TL;DR
PluRule introduces a comprehensive benchmark for AI moderation in pluralistic social media communities, highlighting current models' struggles with nuanced, community-specific rule violations across multiple languages.
Contribution
The paper presents PluRule, a novel multimodal, multilingual benchmark for detecting diverse rule violations in social media communities, revealing limitations of current AI moderation models.
Findings
State-of-the-art models perform only slightly better than trivial baselines.
Larger models and more context yield marginal improvements.
Universal rules like civility are easier to detect.
Abstract
Social media are shifting towards pluralism -- community-governed platforms where groups define their own norms. What violates rules in one community may be perfectly acceptable in another.

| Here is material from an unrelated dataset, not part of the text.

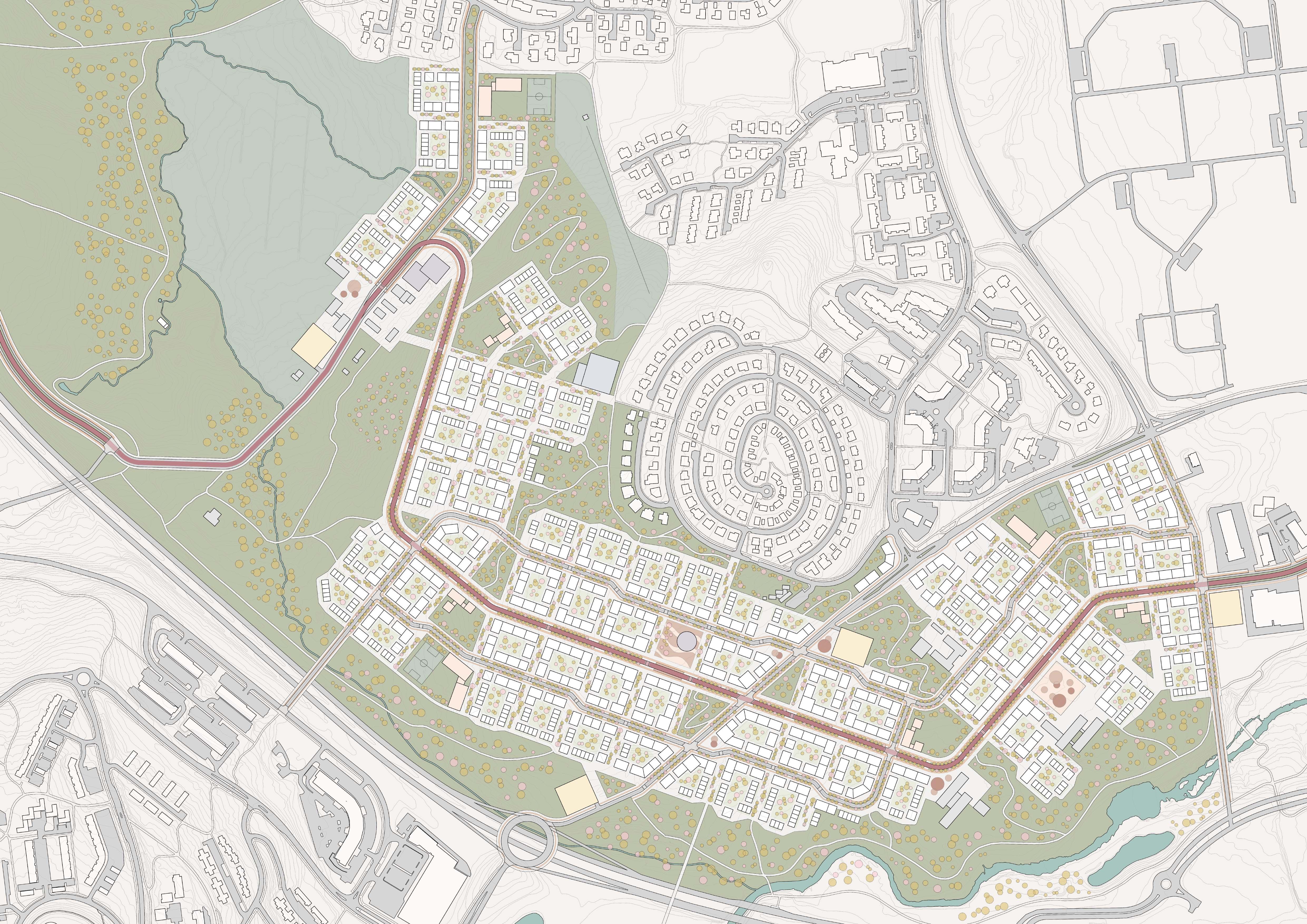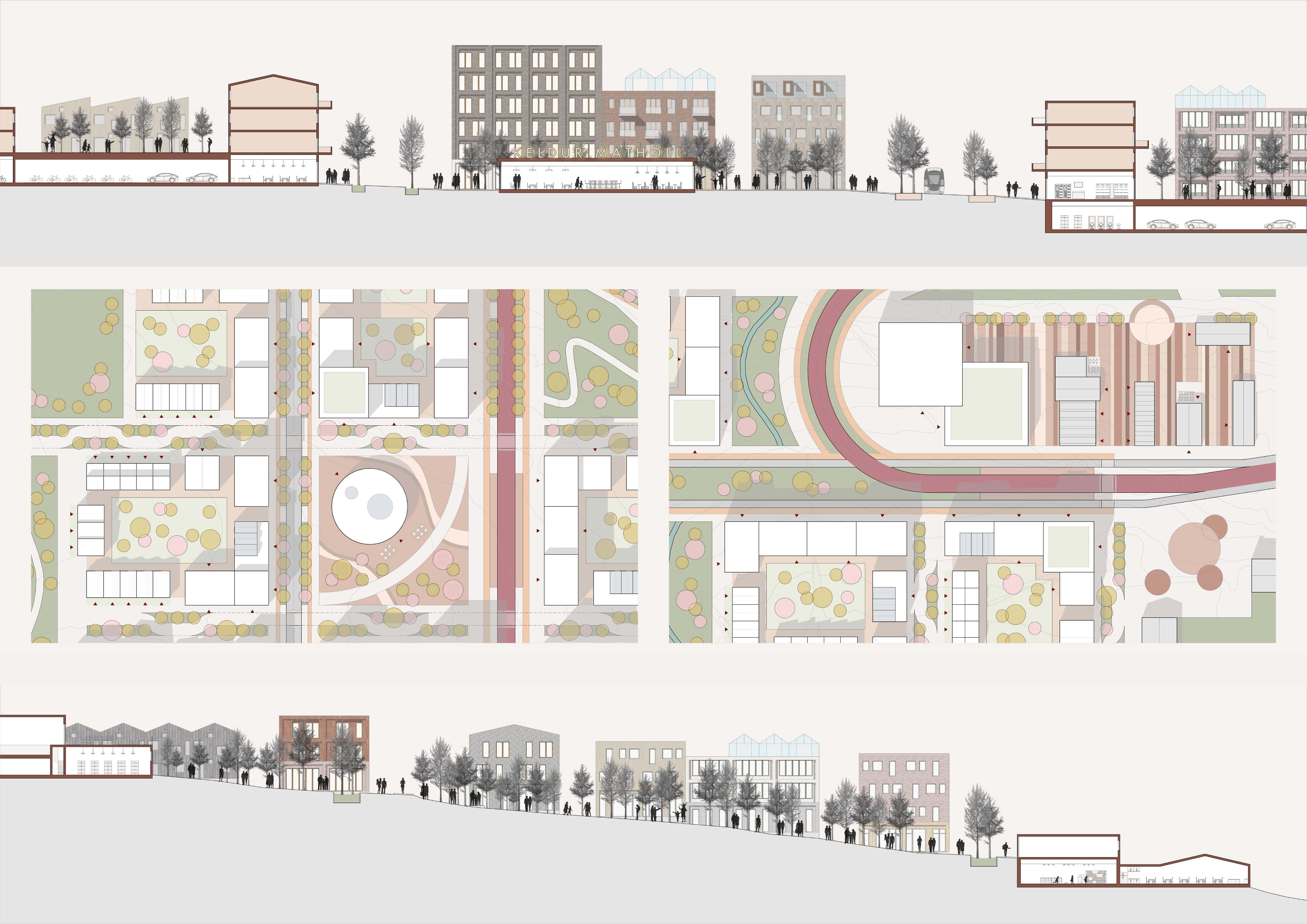 Located near Reykjavík, Keldur has been overlooked for decades due to a car-centric development mindset. Nevertheless, its hilly terrain and scenic vistas offer growth potential. This proposal aims to transform the area into a bustling urban hub, alleviating strain on Reykjavík’s downtown. It seeks to redefine Keldur as a vital food production and knowledge dissemination center, addressing future challenges. Keldur will evolve into a dynamic urban space by fostering economic growth and innovation, offering sustainable solutions to urban development pressures.

Can AI models help moderate such pluralistic communities? We formalize the task as a multiple-choice problem, mirroring how human moderators operate in the real world: given a comment and its surrounding context, identify which specific rule, if any, is violated. We introduce PluRule, a multimodal, multilingual benchmark for detecting 13,371 rule violations across 1,989 Reddit communities spanning 2,885 rules in 9 languages. Using this benchmark, we show that state-of-the-art vision-language models struggle significantly: even GPT-5.2 with high reasoning performs only slightly better than a trivial baseline. We also find that bigger models and increased context provide marginal gains, and universal…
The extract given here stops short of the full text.